Zachary laughed in a way that made Dorry feel like crying. “Sure, that’s what they say,” he said. “But Pastor Jim probably had half the girls in Fishers. That Angela who was your discipler—I think she was one of his favorites.”
“That’s ridiculous,” Dorry said. But she remembere
d the spark Angela had had with Pastor Jim at that first party, the looks that had traveled between them.
“He tells girls it’s their sacrifice for God,” Zachary said.
Dorry could imagine Pastor Jim saying that, could picture his mouth forming those words. And then did everyone comply? Why had he never asked her? Too ugly, a voice said in her head. Someone who could have any girl in Fishers wouldn’t have wanted you. She felt rejected all over again. Shouldn’t she feel relieved instead? She struggled to keep her expression neutral, to act like Zachary’s words didn’t bother her. Zachary wasn’t even watching.
“Meanwhile, all the new male Fishers are told abstinence is sacred, that they mustn’t even think of girls or they will burn in hell,” he said. “Aren’t you, guys?”

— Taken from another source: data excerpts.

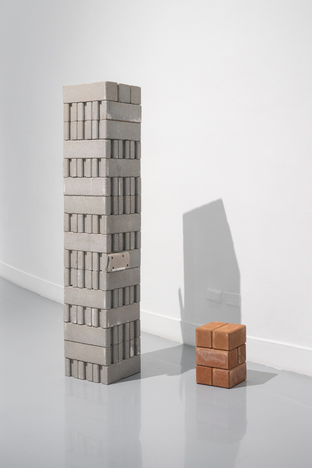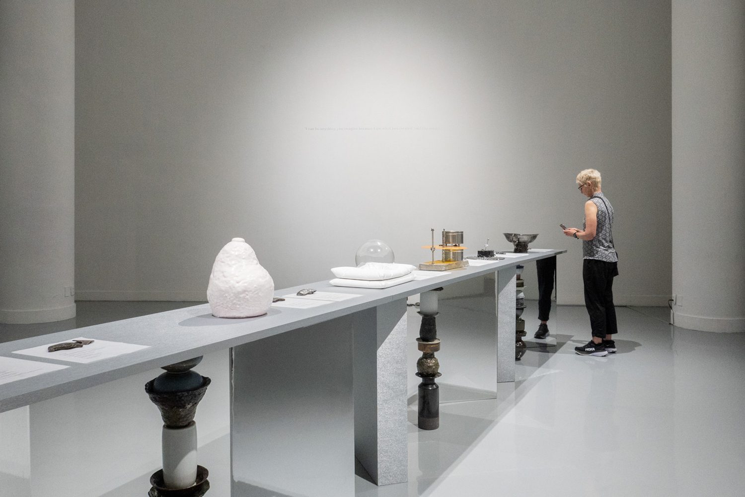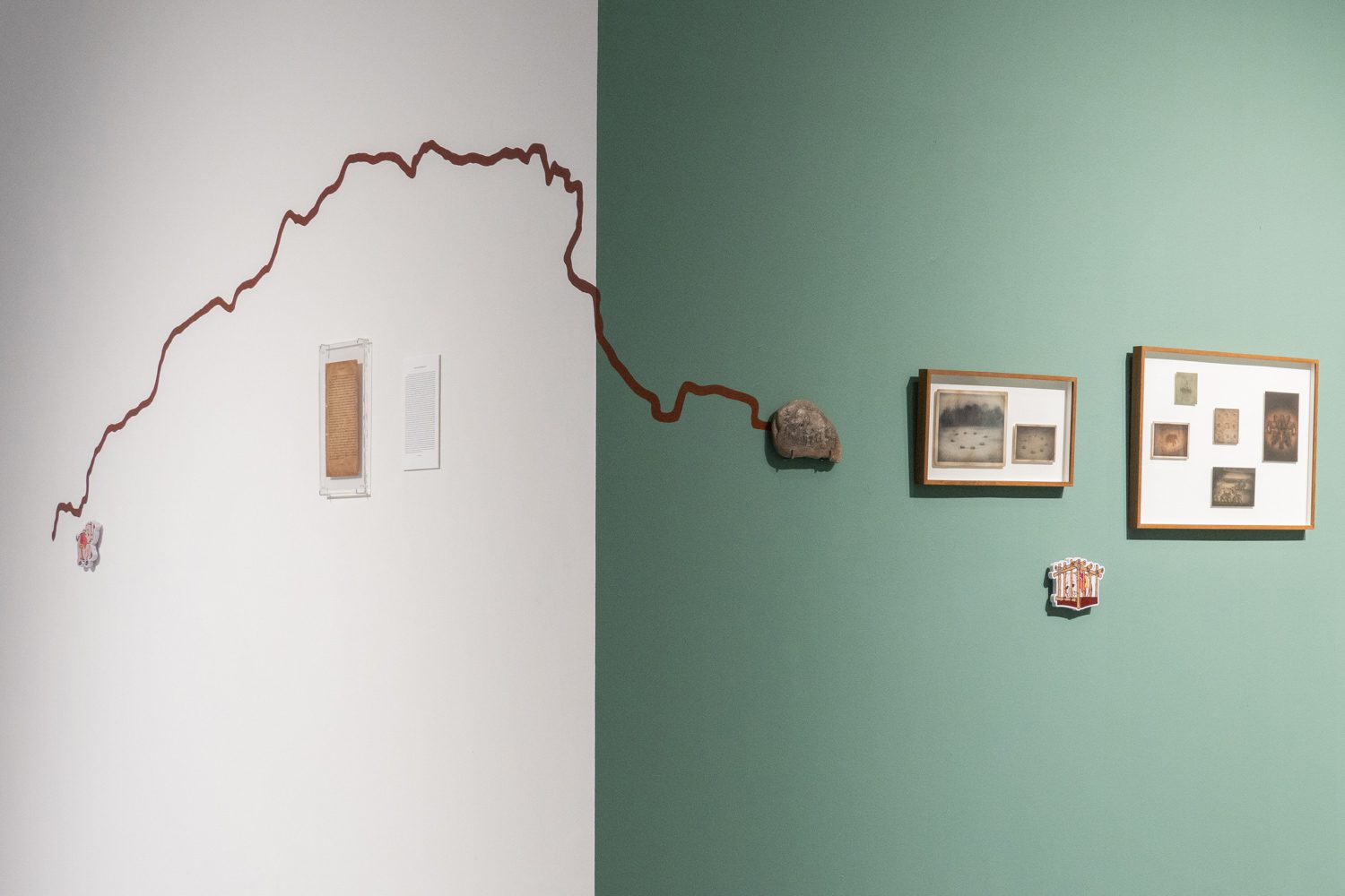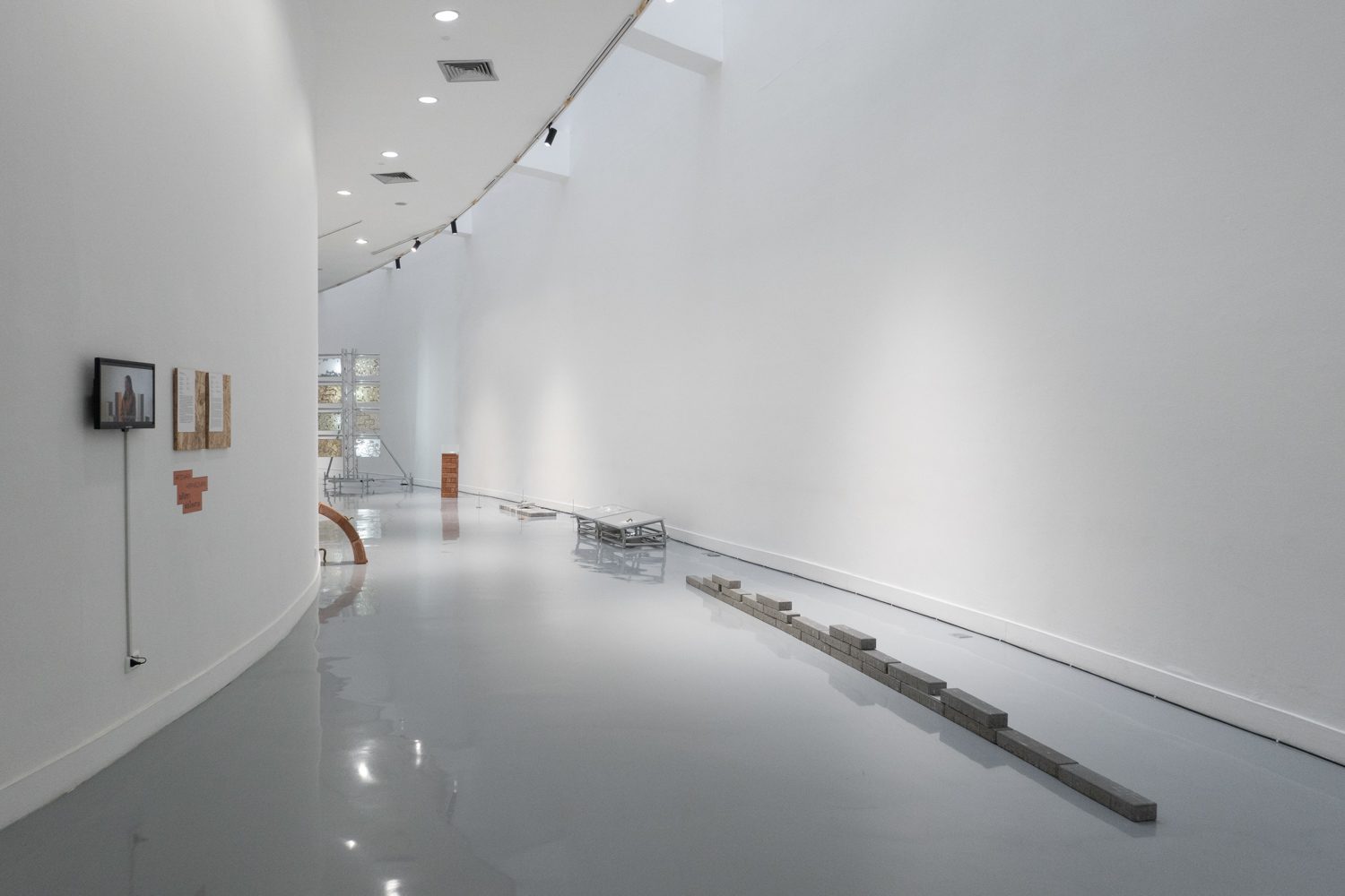 ใกล้กันกับผลงานของยศสุนทรคือ ‘Unexpected Growth’ (2025) โดย อภิสรา ห่อไพศาล ที่พาเราออกห่างจากบรรยากาศสังเคราะห์ของโลกดิจิทัลเข้าสู่ความน้อยและเรียบง่าย ผลงานของเธอประกอบไปด้วยอินสตอลเลชันชิ้นเล็กที่นำก้อนอิฐมาเรียงต่อกัน โดยบางชิ้นมีวัชพืชต้นเล็กงอกออกมา บางชิ้นมีหนังสือปกสีเทาวางอยู่ร่วมกันอย่างกลมกลืน นอกจากนั้น ผลงานอีกส่วนเป็นกระดาษทำจากวัชพืชในกรอบอะคริลิกจัดวางอยู่บนโครงสร้างทรัส โดยกระดาษแต่ละแผ่นปรากฏรูปทรงออแกนิก เหมือนนำเอาพืชหรือสิ่งมีชีวิตมาขยายเซลล์ออกมาเป็นภาพใหญ่ อภิสราเริ่มทำงานชิ้นนี้จากการสังเกตเห็นสิ่งเล็กๆ ที่ถูกมองข้ามในเมืองใหญ่ นั่นคือ วัชพืชที่ขึ้นแทรกอยู่ตามทางเดินที่ปูด้วยก้อนอิฐ และเมื่อเห็นความพยายามที่จะมีชีวิตอยู่ในเมืองที่แห้งแล้งและแข็งกระด้าง เธอจึงนำเอาวัชพืชเหล่านั้นมาทดลองทำเป็นกระดาษ เกิดเป็นกระบวนการทำงานที่มีความหมายและทำให้เธอมองเห็นความเชื่อมโยงของสิ่งรอบข้างมากขึ้น
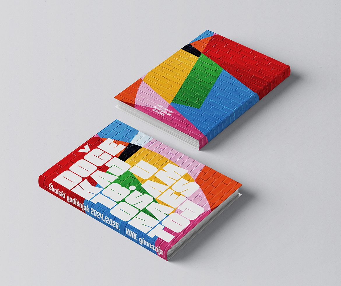 Za potrebe 18. gimnazije osmislili smo dizajn omota godišnjaka koji vizualno interpretira stanje zgrade u obnovi kroz motiv šarenih cigli u pozadini. U kontrastu s dinamičnim, grafički snažnim elementima pozadine, upečatljiva tipografija na naslovnici osigurava jasan identitet godišnjaka te pojačava njegov komunikacijski utjecaj. Ovaj spoj kolorita, strukture i tipografije stvara vizual koji je istovremeno moderan, prepoznatljiv i u skladu s pričom same škole.
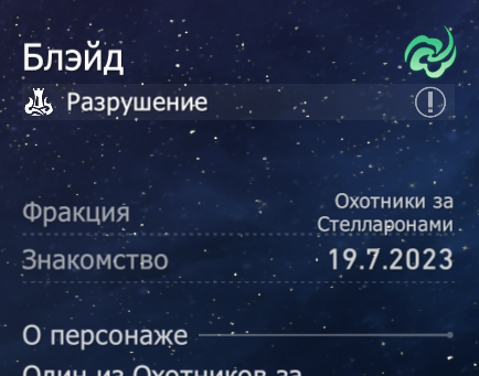 >>5241668 ГГ отдельная тема, что очевидно дожидается раскрытия, особенно как именно работает сила стелларона. Но примечательно, что в игре прямо написали, что ГГ следует Разрушению, скорее всего из-за стелларона же.
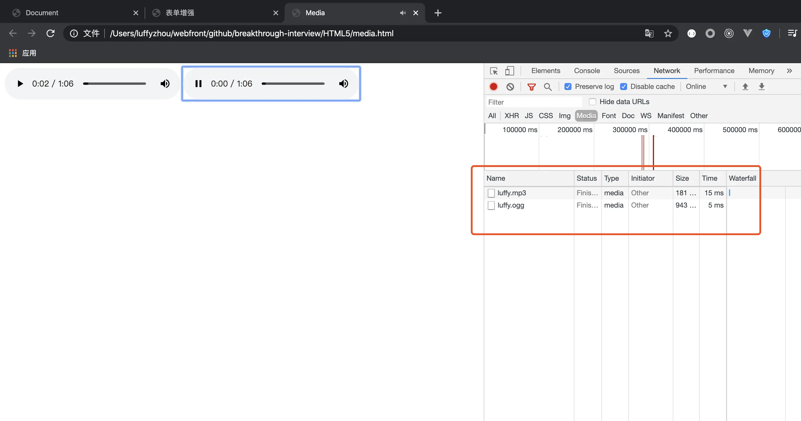 可以看到,第一个播放的是 mp3 文件,第二个播放的是 ogg 文件。
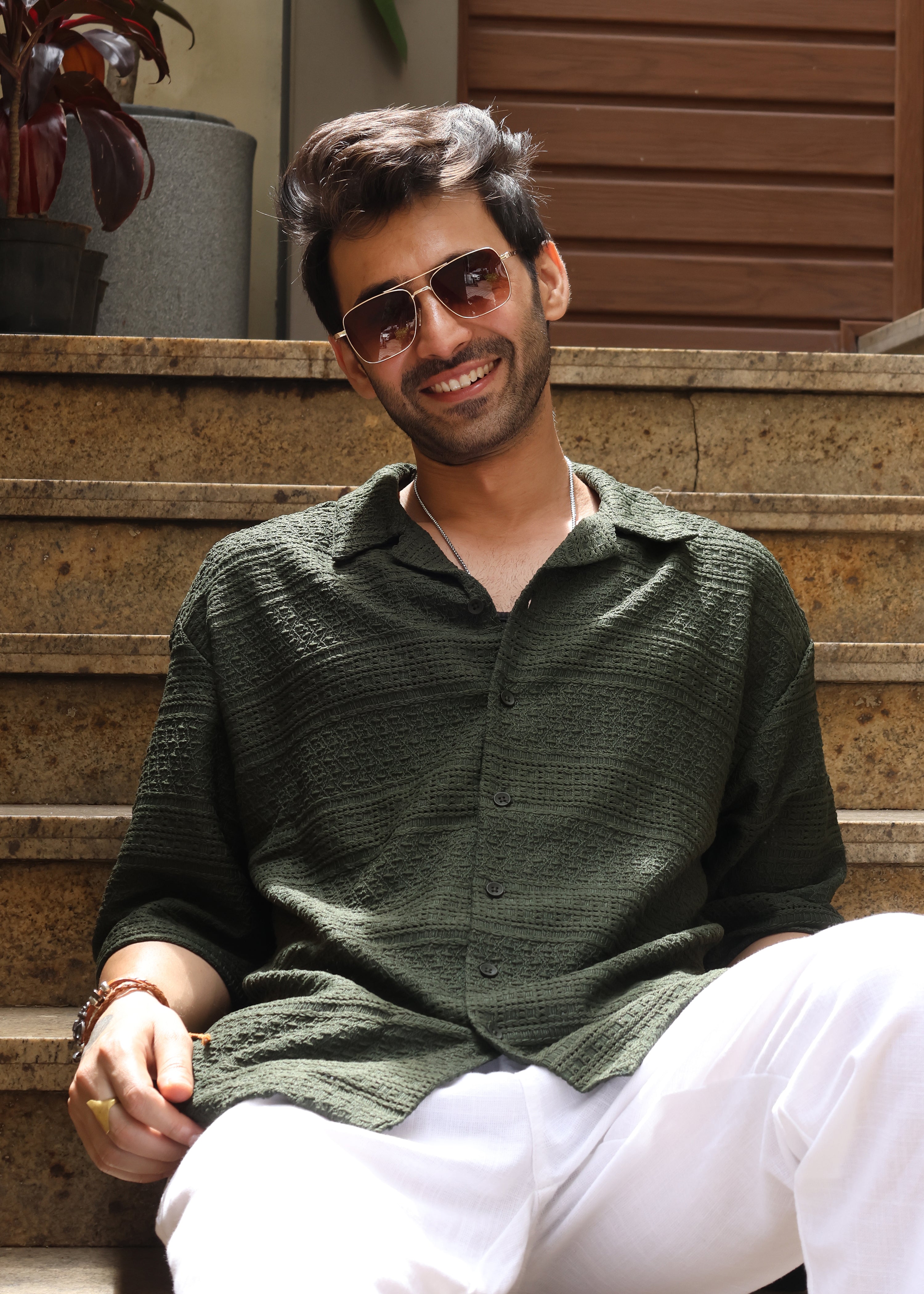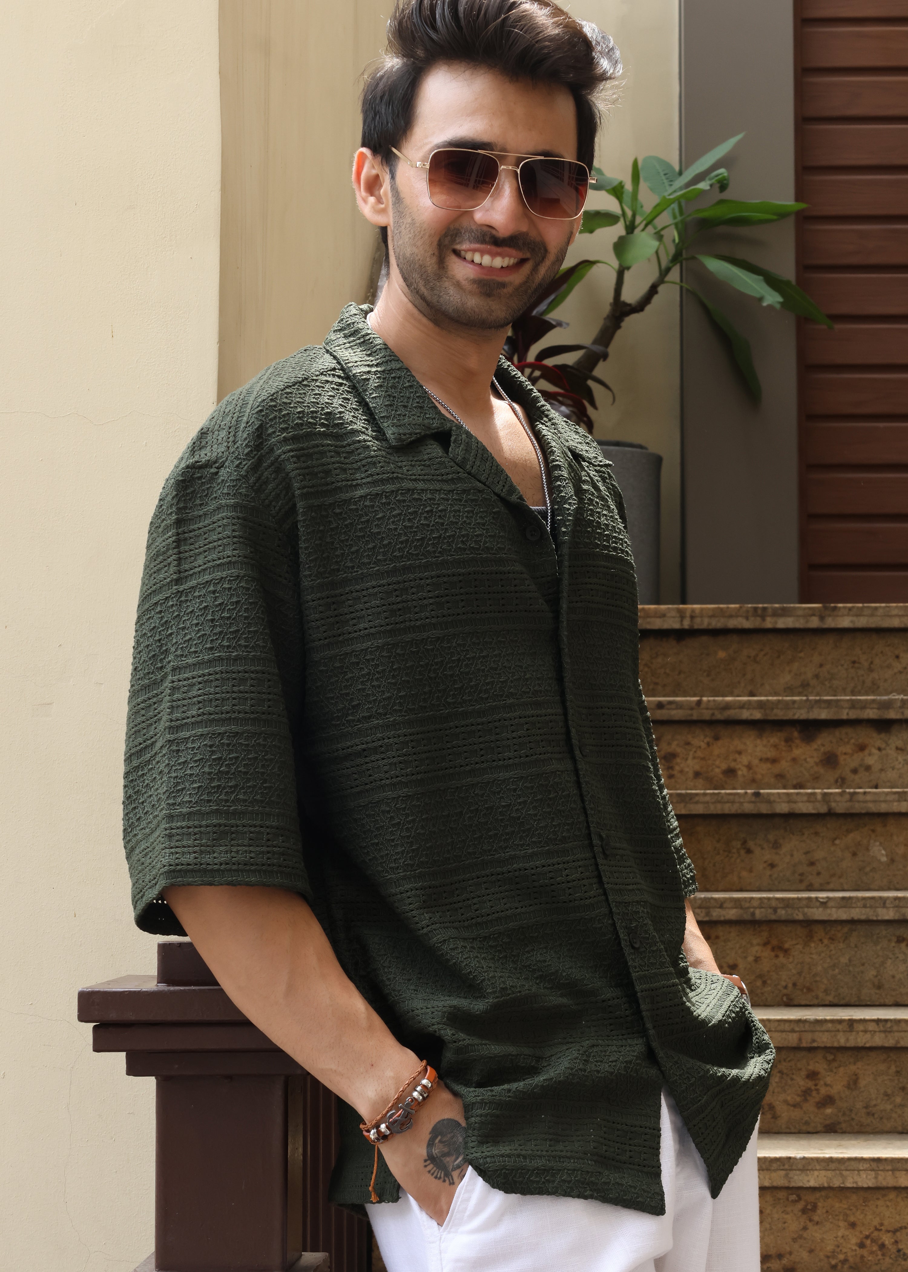 Textured Open-Weave Half-Sleeve Shirt - Green

Zachary spoke over Dorry’s shoulder, directing his voice to the group of boys behind her. They whispered among themselves, then each of them shoved out his chair and stood up, almost in synchronicity. They all but marched past Zachary and Dorry, their heads held high, eyes straight ahead. Only one scrawny, nervous-looking boy darted his eyes toward Zachary and Dorry. Then he quickly looked away.
Zachary laughed and laughed. “Can’t bear hearing the truth, huh?” he shouted after them.
One of the boys—a tall, imposing guy, more muscular than many football players Dorry had seen—turned around and walked back. He leaned both hands on the table beside Dorry and looked down at Zachary. The table groaned. “Zachary Haines, you are filled with evil,” he said in a booming voice. “You have ensured your place in hell by trying to tempt new believers. But you will not triumph.”
It scared Dorry, and she wasn’t even the one being condemned. Zachary only laughed harder. “You guys really have to come up with some new threats,” he shot back. “That hell thing is getting old.”
The muscular guy didn’t respond. He glanced once at Dorry—dismissively, like she was an insect or some other creature without a soul to go to heaven or hell. Then he turned with military precision and walked away.